The overheads of the tree structure
The tree diagram structure retains the reference relationship of many blocks. When a graph is very large, the whole structure will be very complicated, and it is costly to calculate the topological relationship in the network. How can Conflux be more efficient when dealing with tree structure?
Ethereum uses the modified GHOST algorithm, which only counts the seven-layer relationship. If you want to calculate the GHOST of all layers, you need the overheads of O(N) complexity, where N is the number of all blocks in the entire chain. Conflux uses a new, more efficient algorithm that controls the complexity of adding blocks per step of the GHAST algorithm to O (logN). If you are interested, you can read Conflux-related papers and materials.
In bitcoin, the attacker of the forked chain needs to consume a lot of computing power. Once the failure does not receive any reward, the attack requires a high cost. All the forked blocks in the Conflux network are valid, although the attacker can't achieve the double-spend attack through the fork, but if the attacker can get the block reward from the maliciously added forked block, this will also have a certain impact on the system. For example, an attacker can increase the transaction confirmation time without having to bear the loss or increase the complexity of the entire tree structure a lot to increase the overhead of the entire system. How does Conflux solve this problem?
The answer is to use incentives to punish those who deliberately fork. Under Conflux's main chain selection protocol, if an attacker intentionally adds a block to the forked chain, he must pretend that he does not see some reference blocks and ignores other blocks that already appear.

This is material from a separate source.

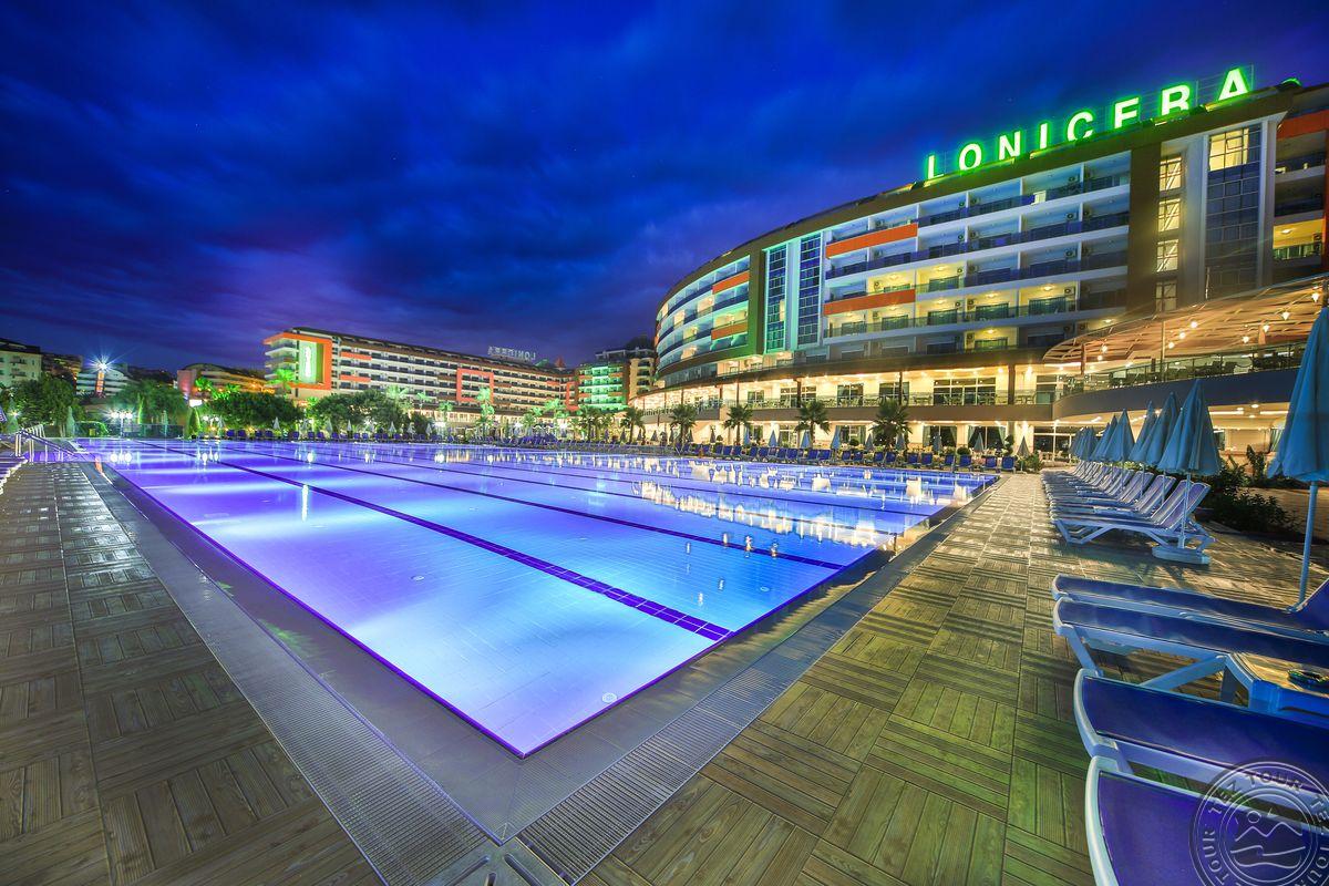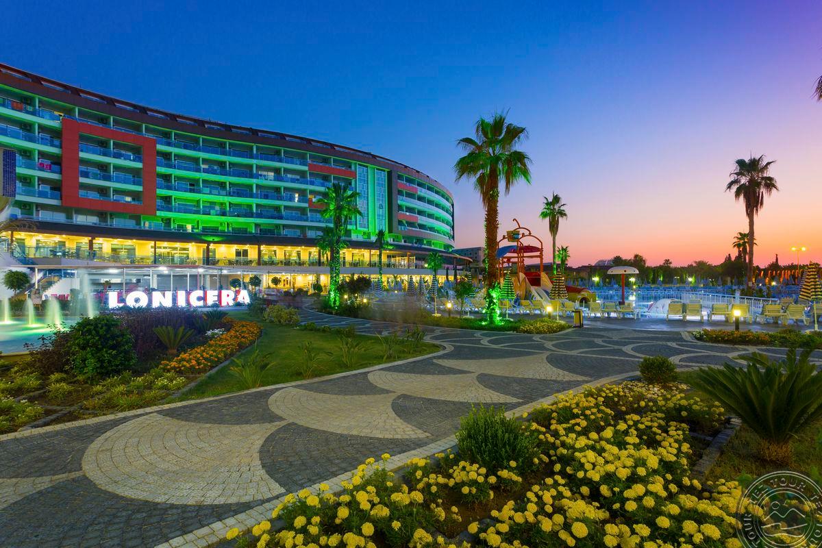 Dabar visi Lonicera viešbučiai naudojasi bendra teritorija, tiek World, tiek resort tame tarpe ir paplūdimiu. REIKIA ATKREIPTI DĖMESĮ: Kokį kambarį užsakote, nes dažniausiai rašo , kad gyvenate resort, bet kambarys world pastate. Tai čia atsargiai. Didelę teritoriją turintis viešbutis, vos keli žingsniai iki jūros, kuris orientuojasi į poilsį su vaikais. Didelis vandens pramogų parkas. Daugiakalbis personalas. Skirtas įvairaus amžiaus turistams, šeimoms su vaikais. Nuostabus smėlio paplūdimys. Labai geras kainos ir kokybės santykis. Taip pat viešbutyje yra: vidaus baseinas, 4 lauko baseinai, 1 pramogų baseinas su 19 vandens čiuožyklų, erdvus sodas ir nedidelis zoologijos sodas.Viešbutyje „Lonicera World“ veikia nemokamas belaidis internetas. Labai daug dėmesio skiriama vaikams! Hamame, saunoje ir garų pirtyje galėsite visiškai atsipalaiduoti. Viešbutyje įrengta treniruoklių salė. World yra arčiau jūros, bet prastesnis negu resort. Premium skirtas suaugusiems, butique stiliaus viešbutukas. World turi 2 korpusus, bet vadybininkas negali paskirti, kur jūs gyvensite, tik parašyti pastabą viešbučiui dėl geresnio kambario ar korpuso.

In Conflux's design, block rewards are not fixed: the more the block “disregards other blocks”, the less reward it can get. Through this economic punishment, attackers must also bear economic losses in Conflux.
Conflux maintains the bifurcation block generated by the miner's consumption of POW through the structure of the tree diagram, thereby improving the throughput of the system and achieving capacity expansion under the premise of security. The overall idea is not complicated, but in terms of engineering implementation, the global ordering of all transactions, the processing of complex topology of tree diagrams, the problem of block incentives, and how do we reduce duplicate transactions, there are many pits that need to be solved by more complicated technical theory. At present, Conflux has already launched the test network, if you’re interested, you can have a go.